The biggest single budget cut came from the pay freeze, which will save California $166 million in cost-of-living increases. An added $124 million will be saved by withholding cost-of-living increases in a variety of scoial programs.

Brown, who has privately acknowledged that he is in trouble in his re-election campaign unless he carries out the mandate of Proposition 13, combined his budget-cut proposals with a call for prompt legislative action to return the surplus and save the jobs of teachers and local government employes.

In a careful effort to avoid any move critics might describe as grand-standing, Brown understated the budget cuts at $570 million, the amount that would be directly available to return to local governments. The other cuts are from special funds that cannot be returned as part of the surplus.

Despite the unhappiness among state workers over the pay freeze, it appears that Brown will get his way.

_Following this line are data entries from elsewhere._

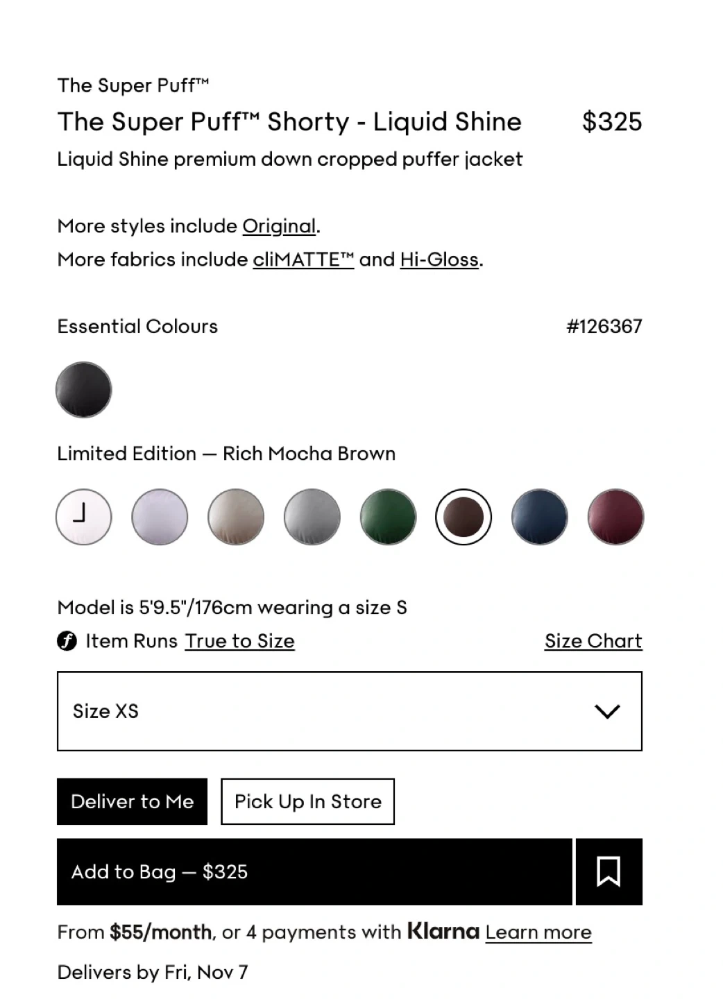 65Selling an Aritzia Super Puff Shorty in the limited edition Rich Mocha Brown colour. It's a size XS. This is a premium down cropped puffer jacket with a liquid shine finish. Originally bought for $325! I bought 2 puffer and decide to keep the other one! Dm for ur ideal price! Pick up only!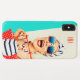 Eine ungeheuerlich lustige Handydose im Retro-Stil mit einer fabelhaften Frau in gestreifter Sonnenbrille, einem Turbinenkopfmantel und Schmuck, die mit ihrem Polka Dot Tote Tasche und gestreiftem Handtuch zum Strand fliegt. Sie ist die totale Verkörperung von Spaß und fabelhaftem Selbstausdruck. Eine Textvorlage für Monogramm ist für Sie enthalten, um mit Ihrem Monogramm zu personalisieren. Die türkisfarbenen und beigen Farbtöne verleihen dem Badeambiente des Sommers eine besondere Note. Dieser Fall ist ein großartiges Geschenk für Ihre fabelhaften Freunde, Brautmädchen, Tanten, Mütter, Schwestern, Cousins, Großmutter und mehr.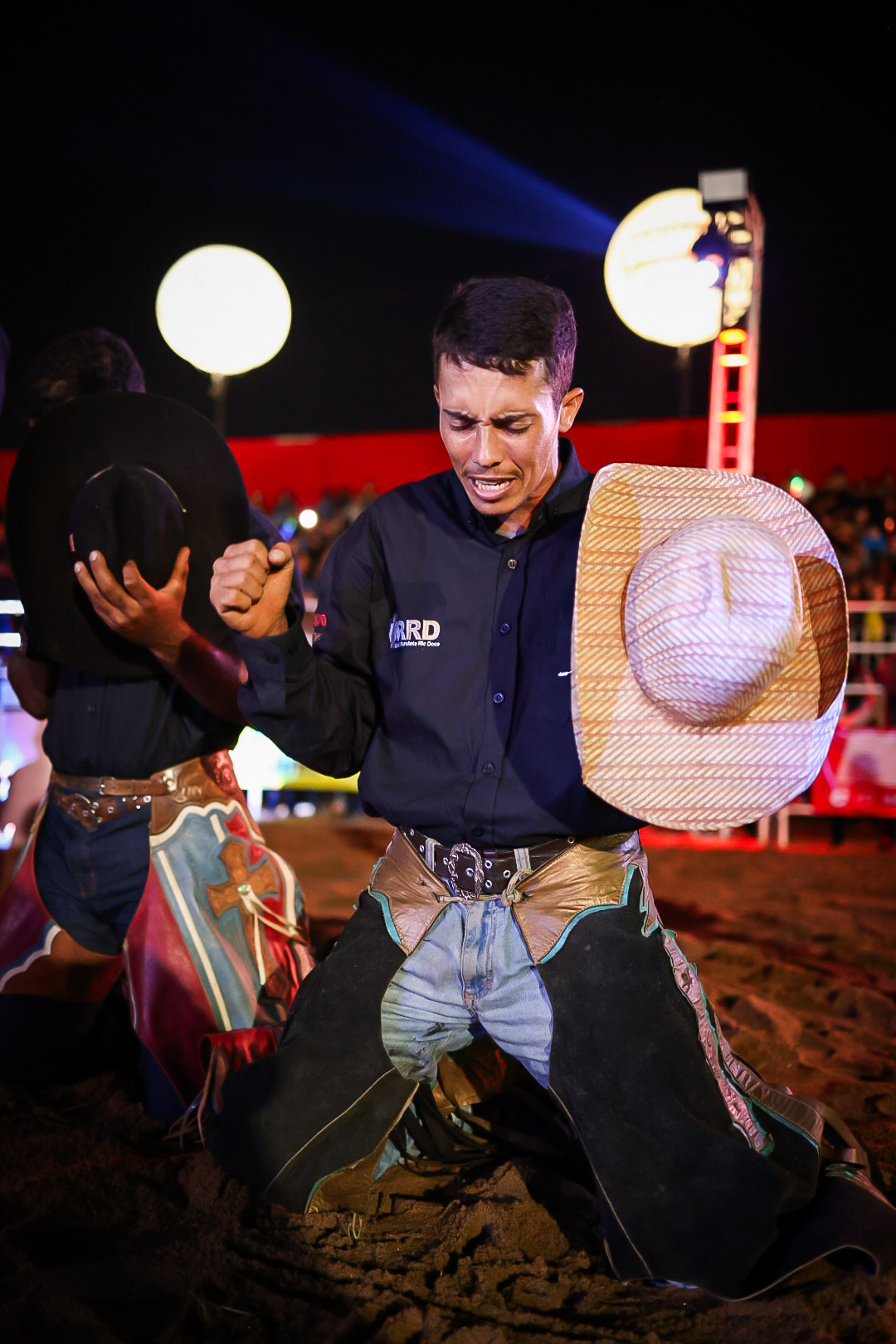 Abertura do rodeio na sexta-feira (5) e o locutor Gleydson Rodrigues. FOTOS: Pedro Lima/@pedrolimafoto_

The California State Employes Association, representing most state workers, denounced Brown for "making decisions based solely on political motivations." But the association's mildly worded statement, which seemed a formality to some legislators, contained no hint of strikes or other direct action. State employes only last week had soyght a 12.5 percent wage increase, mostly as bargaining position. The prevailing view in Sacramento is that the state employes will accept the wage freeze in return for a promise of no layoffs.

Brown has the authority under California law to reduce the state employe pay scales if the legislature refuses to accept a freeze. A two-thirds legislative vote, considered impossible to obtain in the present budget-cutting atmosphere, would be necessary to override him.

The result of Brown's budget cuts including a state hiring freeze announced last week and the affects of Proposition 13 itself, will be to slash the $17.4 billion state budget to $15.1 billion.

Many of these cuts are in reduced subventions, or revenue transfers, the state pays to local governments. Most of the state budget consists of subventions paid to school districts and local governments. This left Brown with only a $4 billion state operations budget in which to make budget cuts. The $570 million that Brown would take out of this operations budget is slightly more than 14 percent, about the same percentage of budget cuts that local governments will have to make if they receive the $5 billion state surplus.

The other cuts, which add up to the $715 million in the total proposal, come from agencies like Fish and Game or the highway department, which are funded by user fees, licenses and specially earmarked taxes. While these cuts will have no effect, on the local government dilemma, taxes, a Brown aide said that these reductions were made so that all departments would be equally affected by budget tightening.